Остальные же воспитанники Профессорского института зимой 1832 г. были подвергнуты строгому экзамену, по результатам которого и принималось окончательное решение о их последующей судьбе[533]
. Весной 1833 г. состоялась наиболее крупная командировка будущих российских профессоров на учебу за границу. В ней участвовало 13 человек. Отметим сразу, что двое из них (ботаники П. Я. Корнух-Троцкий и И. О. Шиховский) были посланы в Венский университет, находящийся вне сферы нашего исследования (см. Введение), но остальные и выехали в Берлин, где составили сплоченную группу, порученную сперва надзору одного из профессоров университета Ф. В. Г. Кранихфельду, а затем российскому военному агенту, генералу А. П. Мансурову. Интересно, однако, что зачисление членов этой группы в Берлинский университет происходило не одновременно, как при всех предыдущих поездках, а несколькими «порциями», раз в неделю. Первыми из приехавших из Дерпта воспитанников Профессорского института в студенты Берлинского университета записались В. И. Лапшин и В. С. Порошин (1 июня 1833 г.), затем М. М. Лунин[534] (15 июня), Н. И. Пирогов (22 июня), а уже вслед за ним Ф. И. Иноземцев, П. И. Котельников, Д. Л. Крюков, М. С. Куторга, А. М. Филомафитский, А. И. Чивилев (все — 29 июня 1833 г.)[535]. Но еще раньше них в Берлине оказался В. С. Печерин, решение о причислении которого к Профессорскому институту и отправке за границу сразу, минуя Дерпт, министр народного просвещения К. А. Ливен принял 19 февраля 1833 г.[536], и поэтому Печерин успел записаться в студенты и начать занятия уже с 6 апреля (н. ст.) 1833 г. С некоторым запозданием, в конце августа 1833 г. Министерством народного просвещения было принято решение о командировке еще двух воспитанников Профессорского института, медиков Г. И. Сокольского и Н. А. Скандовского[537]. В Берлинский университет они записались лишь в середине января 1834 г.[538]Таким образом, зимой 1833–1834 гг. в Берлине разом оказались двадцать будущих замечательных деятелей российской университетской науки (здесь сошлись вместе студенты из Профессорского института и вторая из групп правоведов, заканчивавших свое образование) — столько их здесь уже, кажется, больше никогда одновременно не собиралось! 4 ноября 1834 г. в прусской столице находился Николай I, которому торжественно представили молодых русских ученых. Император милостиво обратился к ними со словами о том, «чтобы употребив в пользу пребывание свое в чужих краях, они сделались достойными имени Русского и того назначения, к коему избраны Отечеством»[539]

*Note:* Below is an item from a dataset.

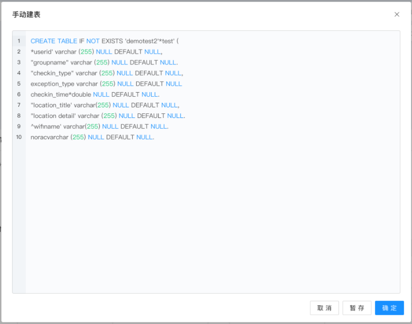 表名、表描述和字段配置(包括字段名称、类型、主键设置、是否不为空)完成后,可点击“手动建表”进入建表界面,如下图:

. В том же 1834 г. особое внимание на готовящихся к занятию профессорских мест в Берлине обратил в отчете Министерства народного просвещения С. С. Уваров, который подтвердил свое распоряжение держать для них в университетах вакантные кафедры до их возвращения, сообщив также о продлении срока пребывания в Берлине еще на полгода и повышении молодым ученым жалования (с 700 до 1000 талеров в год); да и, в целом, по тому, какое место в отчете было отведено этой теме, чувствовалась заметная гордость министра, что отечественные профессора готовятся к своей будущей деятельности в лучшем немецком университете[540].Все командированные из Профессорского института вернулись в Петербург к июлю 1835 г., в период введения в действие нового университетского Устава, и были распределены Уваровым по кафедрам различных российских университетов. Такие полномочия ему предоставлял п. 80 Устава, позволявший министру народного просвещения самому, не дожидаясь обсуждения в университетских Советах, назначать профессоров на вакантные кафедры[541]

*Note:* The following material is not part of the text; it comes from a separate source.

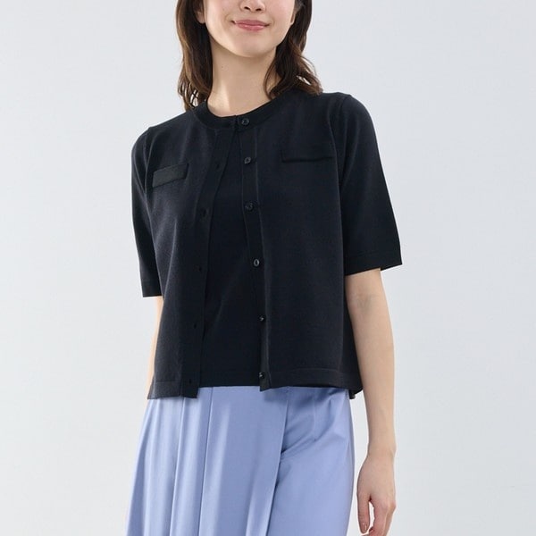 調温機能糸を使用した、五分袖のクルーネックカーディガン。細番手の糸で編み立て、春夏仕様のなめらかな肌触りに仕上げています。同色のラメ糸で襟まわりやポケット、袖口、前立ての編地に変化をつけることで、さりげない華やかさときちんと感を演出。同素材トップス(30-61-15-917)とアンサンブルでの着用はもちろん、単体でも幅広いコーディネートに活躍します。

. Для скорейшего решения всех вопросов, связанных с распределением, 16 июля 1835 г. при министерстве был создан особый Комитет, в задачу которого входило также оценить уровень подготовки, достигнутой молодыми учеными. Этой цели служили их пробные лекции, читавшиеся с середины июля до начала сентября в малом зале Петербургской академии наук[542]. Объявление этих лекций, с одной стороны, очень напоминало процесс принятия новых преподавателей (Habilitation) в Берлинский университет (см. выше), с той только разницей, что оценивали и обсуждали их профессора не одного, а нескольких университетов и ученые Академии наук, назначенные в Комитет Уваровым. С другой стороны, у этих публичных лекций несомненно была и иная функция: Уваров воспользовался ими, чтобы еще раз привлечь общественное внимание к результатам своей политики, возрастающему уровню российской науки, и тем самым «оправдать» науку в глазах общества и государства (как он это уже делал, например, в ходе ревизии Московского университета осенью 1832 г.[543]). О широком общественном звучании, которое придавали этим лекциям, свидетельствует и помещение подробного отчета о них в «Журнале министерства народного просвещения», а также полная публикация там же текстов нескольких лекций[544].